Home Healthcare Deep Learning Method Outperforms AI in the Detection of Glaucoma Progression

Deep Learning Method Outperforms AI in the Detection of Glaucoma Progression

A recent study in Biomedical Optics Express revealed that a new deep learning method could better distinguish changes, particularly in the eyes of those suffering from glaucoma. In essence, glaucoma entails a group of ailments that can compromise the eye’s optic nerve leading to vision loss.

Even though this condition lacks a cure, early detection and treatment can aid in delaying its progression significantly. Glaucoma progression is normally characterized by complex structural alterations that occur in the optic nerve head tissues, for instance, the thinning of the width of membranes and the retinal nerve fiber layers.

Today’s deep learning techniques that are applied to optical coherence tomography, which utilizes light in a bid to take cross-section images, can identify the structural changes automatically. However, these existing approaches need a different tissue-specific algorithm for examining each type of tissue. Furthermore, they are not only computationally costly but also susceptible to segmentation errors.

A team of researchers drawn from National University of Singapore among other places developed a new, modified deep learning method with a single algorithm that automatically splits and selects six different structural parameters relating to the optic nerve head simultaneously.

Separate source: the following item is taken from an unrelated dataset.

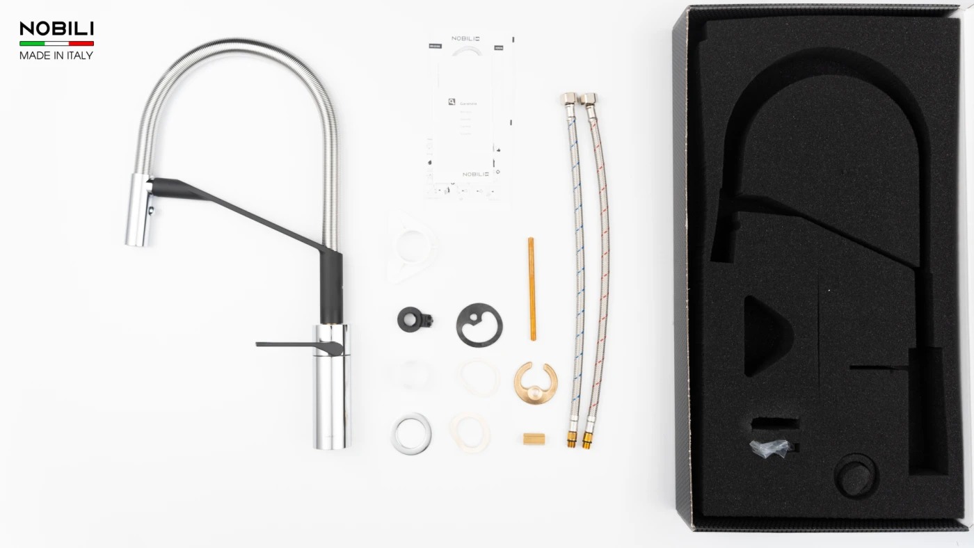 Vòi rửa bát Nobili HERON NB228 là mẫu vòi cần mềm nóng‑lạnh, nhập khẩu nguyên chiếc từ Italy, mang phong cách hiện đại nhưng vẫn rất tinh tế. Với phần đầu vòi cong bằng lò xo, thiết kế cần linh hoạt và tay gạt 2 chế độ nước, HERON NB228 thích hợp cho các không gian bếp cao cấp, nơi mà cả thẩm mỹ và công năng đều được đặt lên hàng đầu.

Dubbed the Dilated-Residual U-Net or otherwise known as DRUNET, is the newly developed approach that is inspired by U-Net, which is a convoluted neural network (CNN) that was designed for biomedical image segmentation. DRUNET is made up of two towers whereby one entails a downsampling tower intended for capturing contextual information while the other is an upsampling tower that is helpful in capturing local information such as tissue texture.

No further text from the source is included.